• _What is being asked_:
When you copy the data, keep every word exactly as it is and leave the pictures out.

• _Entries provided_:
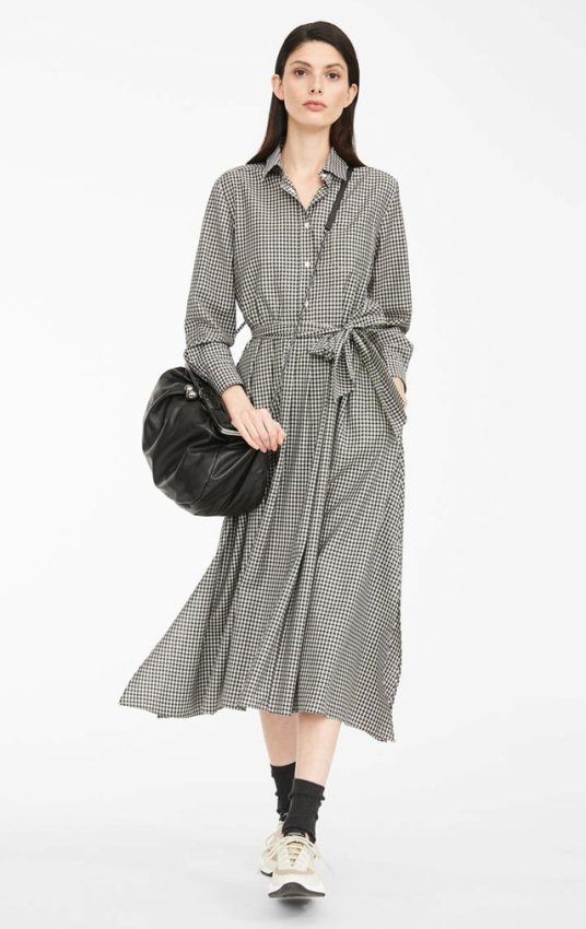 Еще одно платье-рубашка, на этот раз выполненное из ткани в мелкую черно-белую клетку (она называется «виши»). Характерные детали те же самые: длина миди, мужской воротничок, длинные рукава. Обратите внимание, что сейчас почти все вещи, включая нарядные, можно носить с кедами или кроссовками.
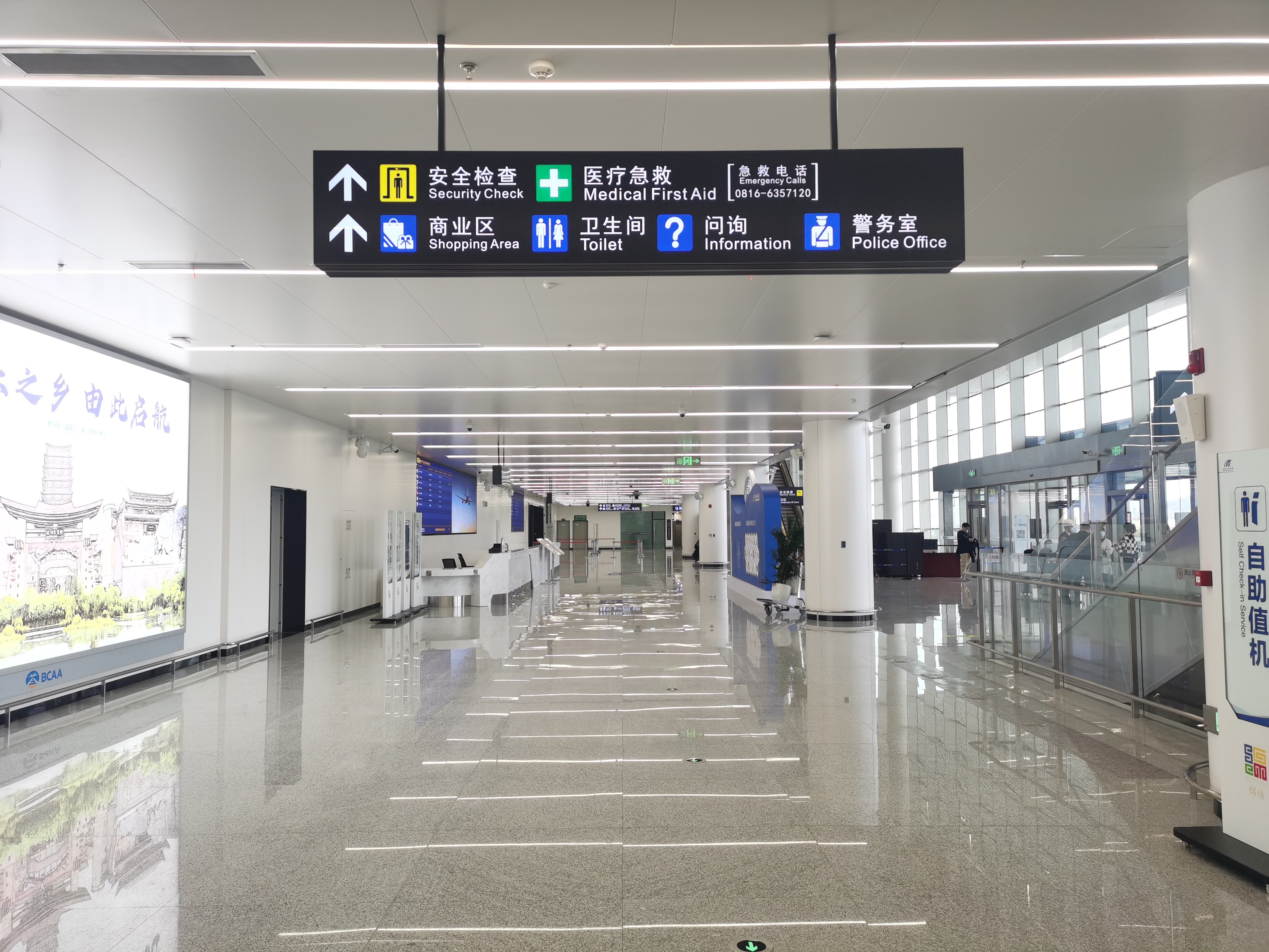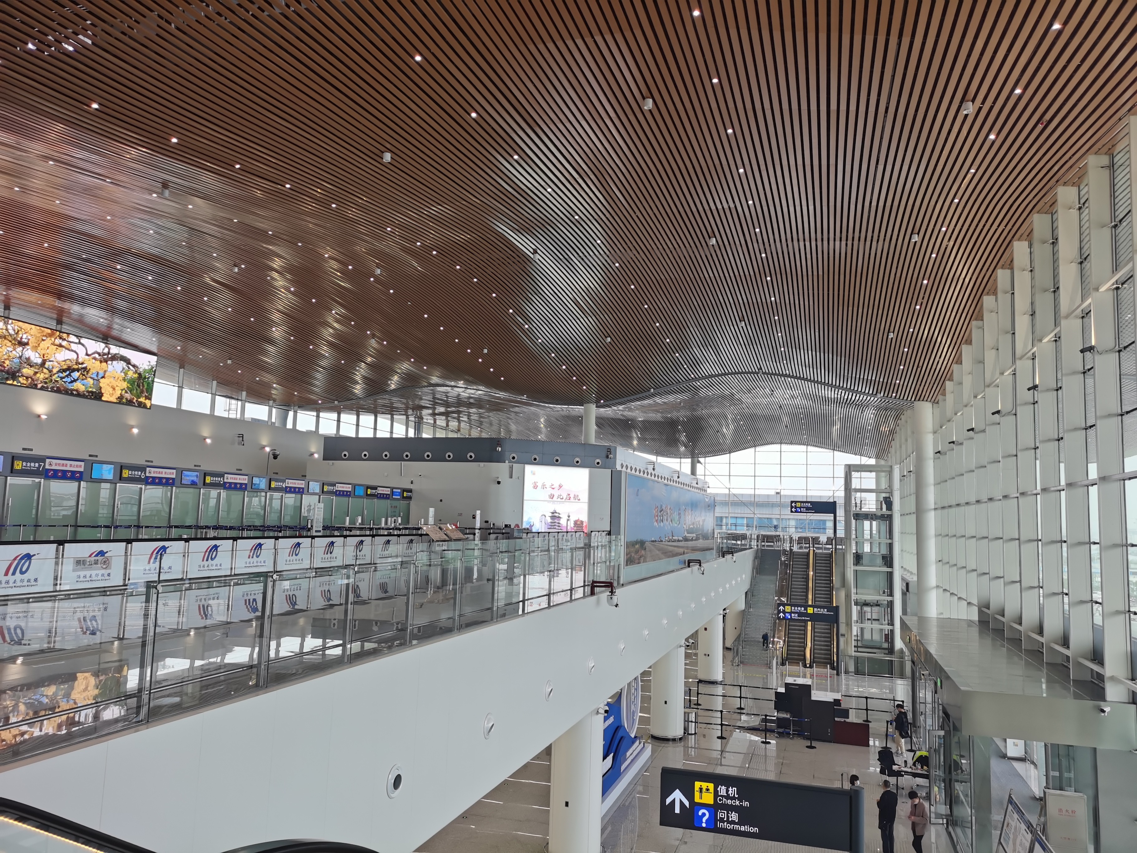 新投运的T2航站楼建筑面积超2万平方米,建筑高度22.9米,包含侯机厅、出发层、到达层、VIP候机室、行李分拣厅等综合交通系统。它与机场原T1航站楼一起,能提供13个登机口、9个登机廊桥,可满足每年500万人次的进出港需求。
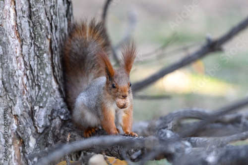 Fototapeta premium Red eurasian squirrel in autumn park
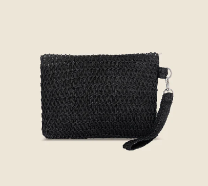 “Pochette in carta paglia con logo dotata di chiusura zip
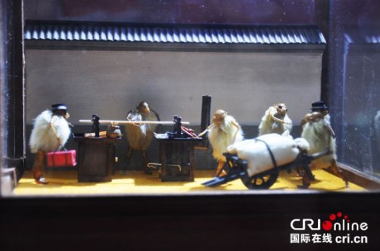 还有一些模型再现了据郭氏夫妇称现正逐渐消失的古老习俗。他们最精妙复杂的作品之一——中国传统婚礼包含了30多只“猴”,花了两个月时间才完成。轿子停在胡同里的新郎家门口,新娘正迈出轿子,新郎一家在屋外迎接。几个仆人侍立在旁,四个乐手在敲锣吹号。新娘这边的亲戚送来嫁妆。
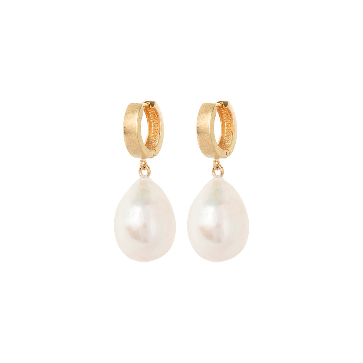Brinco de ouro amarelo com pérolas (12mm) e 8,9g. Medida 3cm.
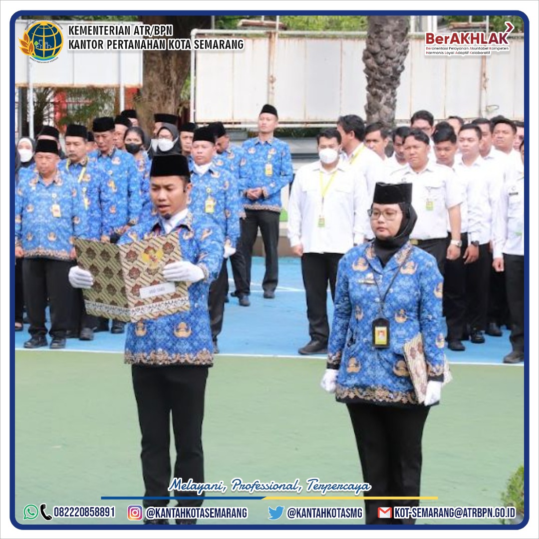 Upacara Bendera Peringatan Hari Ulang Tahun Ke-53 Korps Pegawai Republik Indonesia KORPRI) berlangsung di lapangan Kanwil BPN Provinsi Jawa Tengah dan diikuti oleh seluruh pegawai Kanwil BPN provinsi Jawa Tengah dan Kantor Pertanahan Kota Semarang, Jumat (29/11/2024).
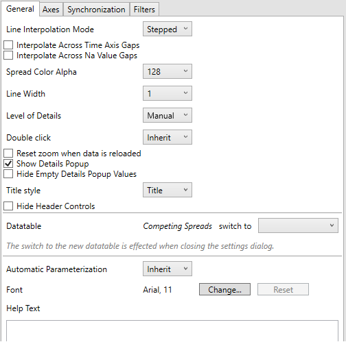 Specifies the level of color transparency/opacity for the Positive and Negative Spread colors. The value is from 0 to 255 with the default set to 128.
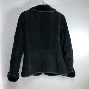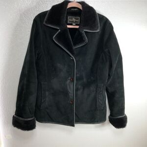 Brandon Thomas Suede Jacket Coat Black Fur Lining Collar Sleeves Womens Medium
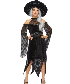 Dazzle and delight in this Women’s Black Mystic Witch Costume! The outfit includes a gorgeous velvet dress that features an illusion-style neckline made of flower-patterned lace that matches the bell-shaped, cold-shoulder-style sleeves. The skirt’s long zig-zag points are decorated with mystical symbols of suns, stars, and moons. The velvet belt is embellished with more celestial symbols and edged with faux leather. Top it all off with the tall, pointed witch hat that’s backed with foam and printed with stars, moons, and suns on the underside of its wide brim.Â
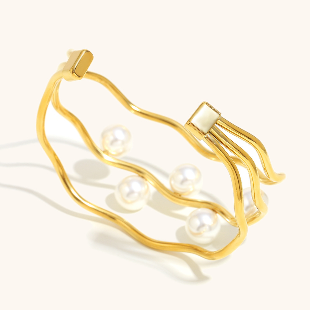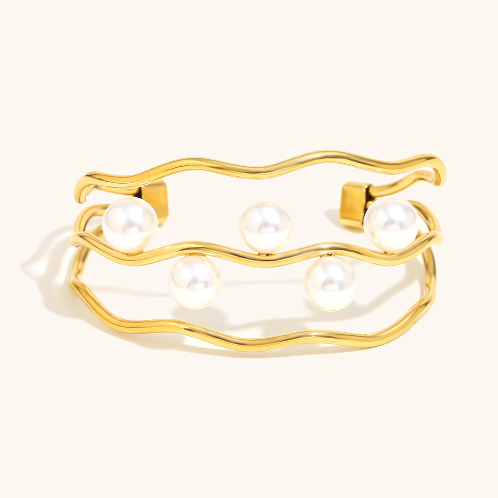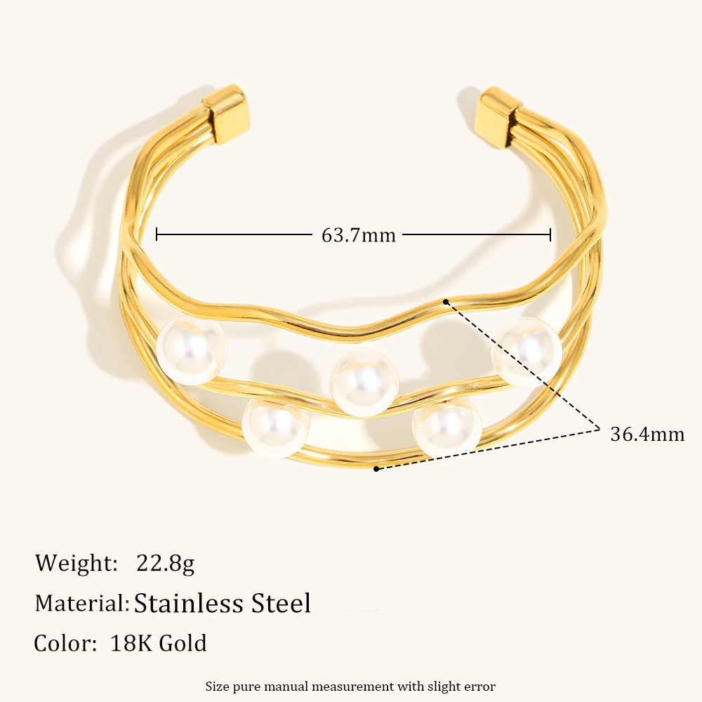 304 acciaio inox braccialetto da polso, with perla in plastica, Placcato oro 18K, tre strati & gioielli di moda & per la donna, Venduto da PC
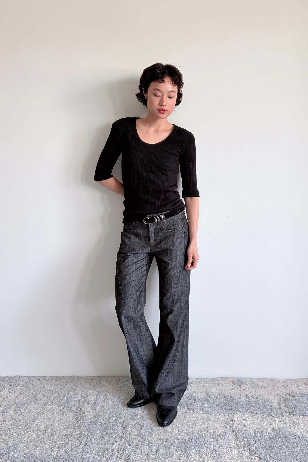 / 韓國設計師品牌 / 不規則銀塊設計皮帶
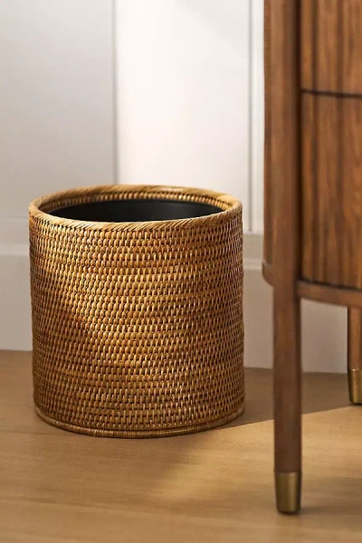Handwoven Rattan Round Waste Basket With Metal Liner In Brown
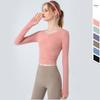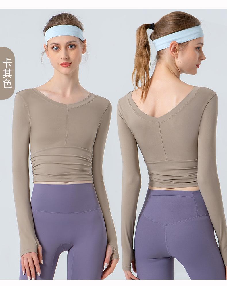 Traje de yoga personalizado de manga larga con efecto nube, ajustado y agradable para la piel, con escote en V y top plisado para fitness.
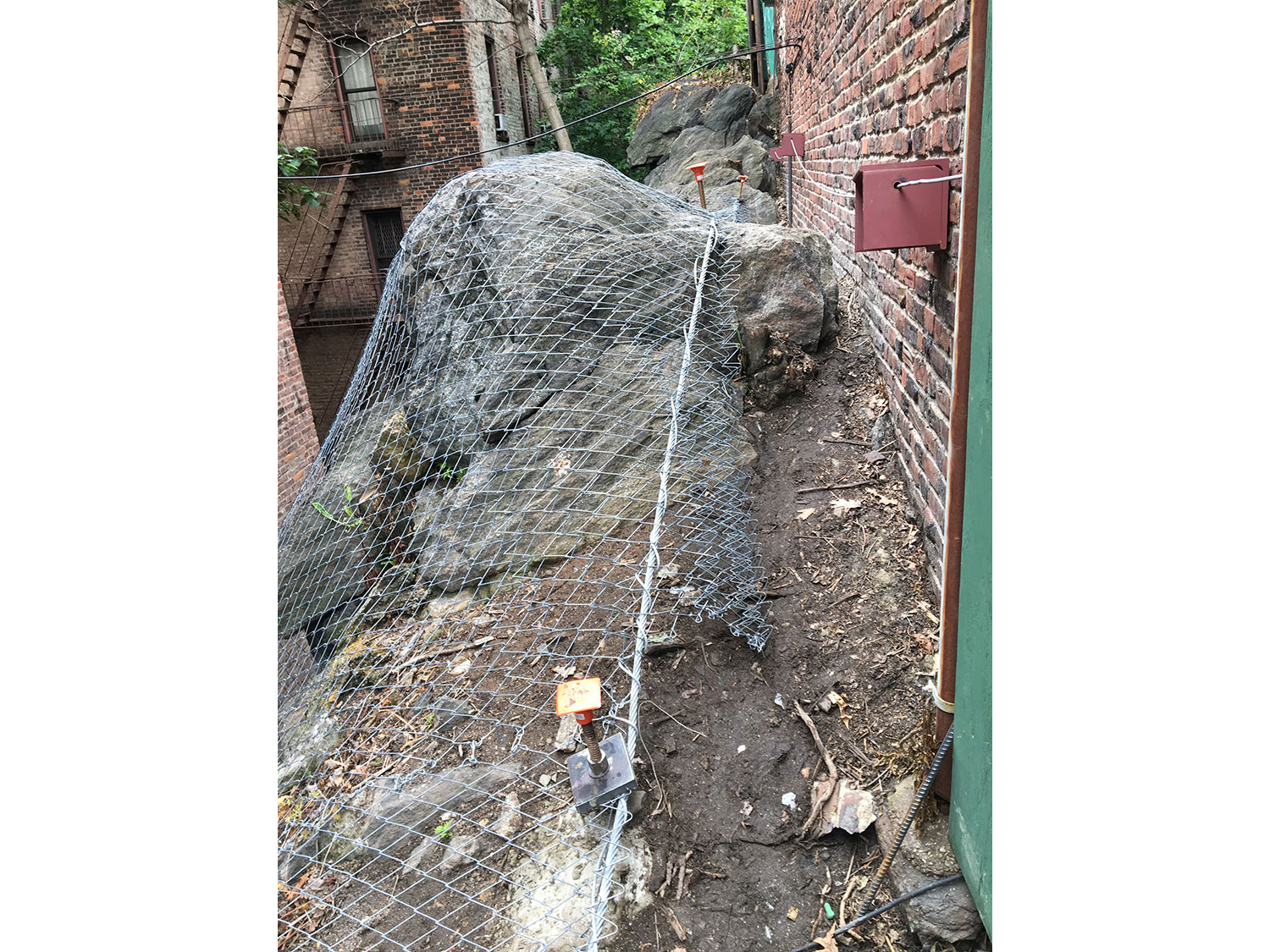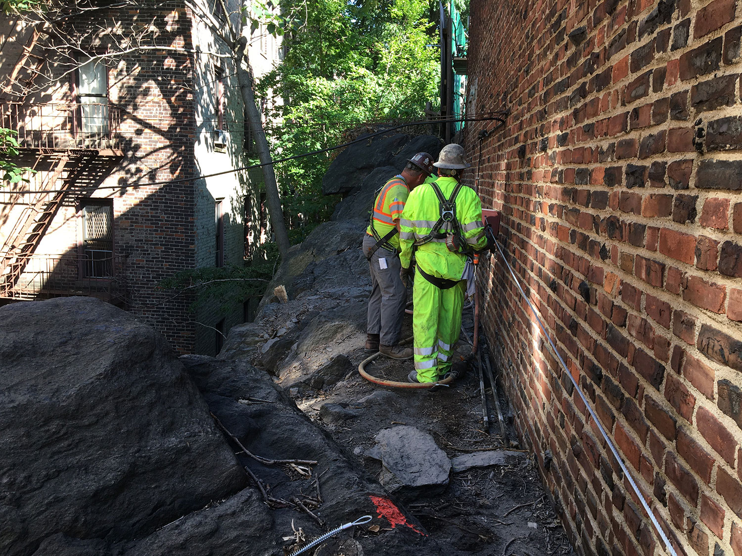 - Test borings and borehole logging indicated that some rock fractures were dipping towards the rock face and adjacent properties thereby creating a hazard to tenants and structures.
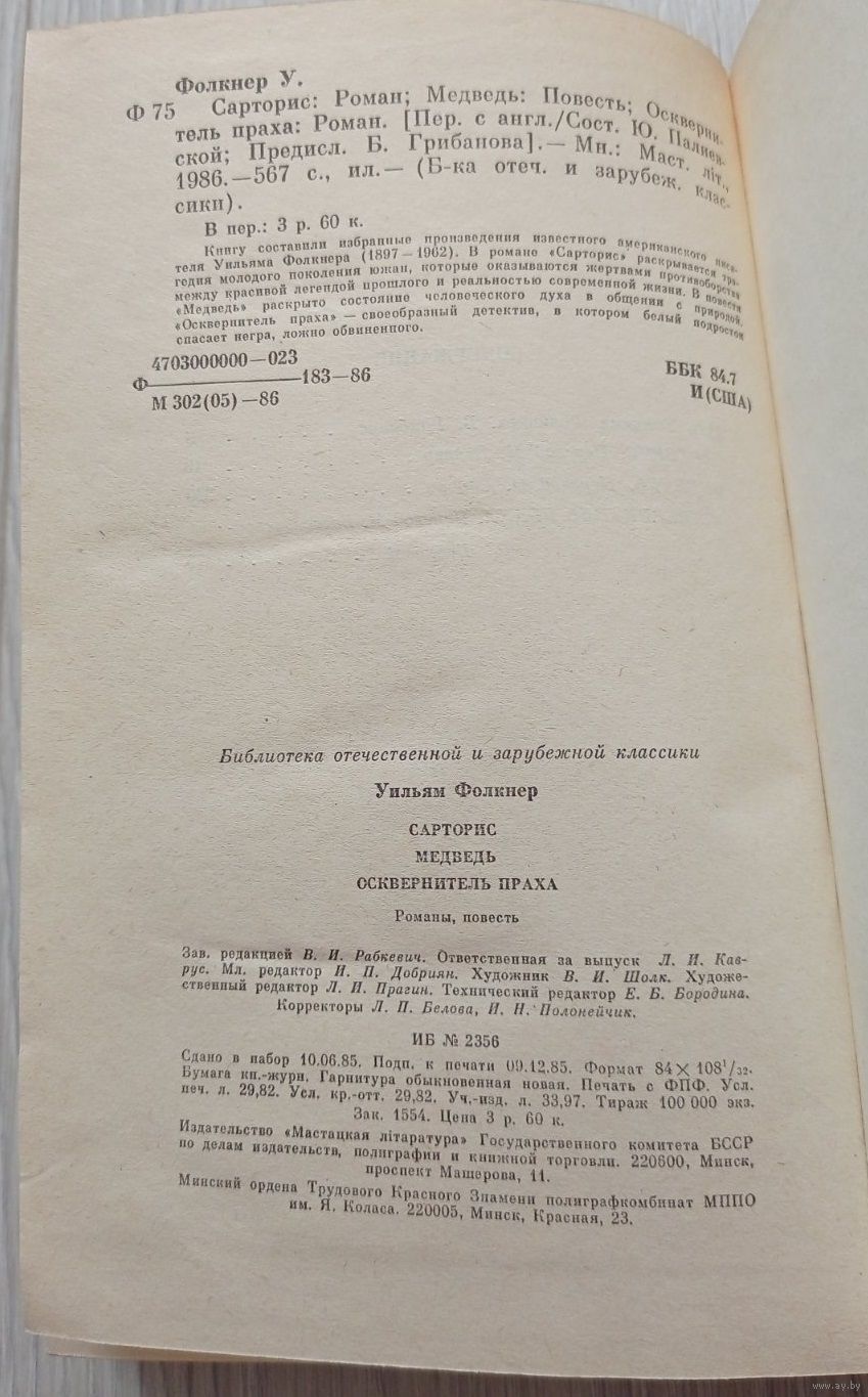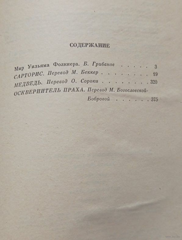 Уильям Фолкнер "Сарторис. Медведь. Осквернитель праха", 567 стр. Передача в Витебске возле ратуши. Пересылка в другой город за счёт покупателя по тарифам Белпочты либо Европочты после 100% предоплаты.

• _Your response_:
 Еще одно платье-рубашка, на этот раз выполненное из ткани в мелкую черно-белую клетку (она называется «виши»). Характерные детали те же самые: длина миди, мужской воротничок, длинные рукава. Обратите внимание, что сейчас почти все вещи, включая нарядные, можно носить с кедами или кроссовками.
 新投运的T2航站楼建筑面积超2万平方米,建筑高度22.9米,包含侯机厅、出发层、到达层、VIP候机室、行李分拣厅等综合交通系统。它与机场原T1航站楼一起,能提供13个登机口、9个登机廊桥,可满足每年500万人次的进出港需求。
 Fototapeta premium Red eurasian squirrel in autumn park
 “Pochette in carta paglia con logo dotata di chiusura zip
 还有一些模型再现了据郭氏夫妇称现正逐渐消失的古老习俗。他们最精妙复杂的作品之一——中国传统婚礼包含了30多只“猴”,花了两个月时间才完成。轿子停在胡同里的新郎家门口,新娘正迈出轿子,新郎一家在屋外迎接。几个仆人侍立在旁,四个乐手在敲锣吹号。新娘这边的亲戚送来嫁妆。
Brinco de ouro amarelo com pérolas (12mm) e 8,9g. Medida 3cm.
 Upacara Bendera Peringatan Hari Ulang Tahun Ke-53 Korps Pegawai Republik Indonesia KORPRI) berlangsung di lapangan Kanwil BPN Provinsi Jawa Tengah dan diikuti oleh seluruh pegawai Kanwil BPN provinsi Jawa Tengah dan Kantor Pertanahan Kota Semarang, Jumat (29/11/2024).
 Specifies the level of color transparency/opacity for the Positive and Negative Spread colors. The value is from 0 to 255 with the default set to 128.
 Brandon Thomas Suede Jacket Coat Black Fur Lining Collar Sleeves Womens Medium
 Dazzle and delight in this Women’s Black Mystic Witch Costume! The outfit includes a gorgeous velvet dress that features an illusion-style neckline made of flower-patterned lace that matches the bell-shaped, cold-shoulder-style sleeves. The skirt’s long zig-zag points are decorated with mystical symbols of suns, stars, and moons. The velvet belt is embellished with more celestial symbols and edged with faux leather. Top it all off with the tall, pointed witch hat that’s backed with foam and printed with stars, moons, and suns on the underside of its wide brim.Â
 304 acciaio inox braccialetto da polso, with perla in plastica, Placcato oro 18K, tre strati & gioielli di moda & per la donna, Venduto da PC
 / 韓國設計師品牌 / 不規則銀塊設計皮帶
Handwoven Rattan Round Waste Basket With Metal Liner In Brown
 Traje de yoga personalizado de manga larga con efecto nube, ajustado y agradable para la piel, con escote en V y top plisado para fitness.
 - Test borings and borehole logging indicated that some rock fractures were dipping towards the rock face and adjacent properties thereby creating a hazard to tenants and structures.
 Уильям Фолкнер "Сарторис. Медведь. Осквернитель праха", 567 стр. Передача в Витебске возле ратуши. Пересылка в другой город за счёт покупателя по тарифам Белпочты либо Европочты после 100% предоплаты.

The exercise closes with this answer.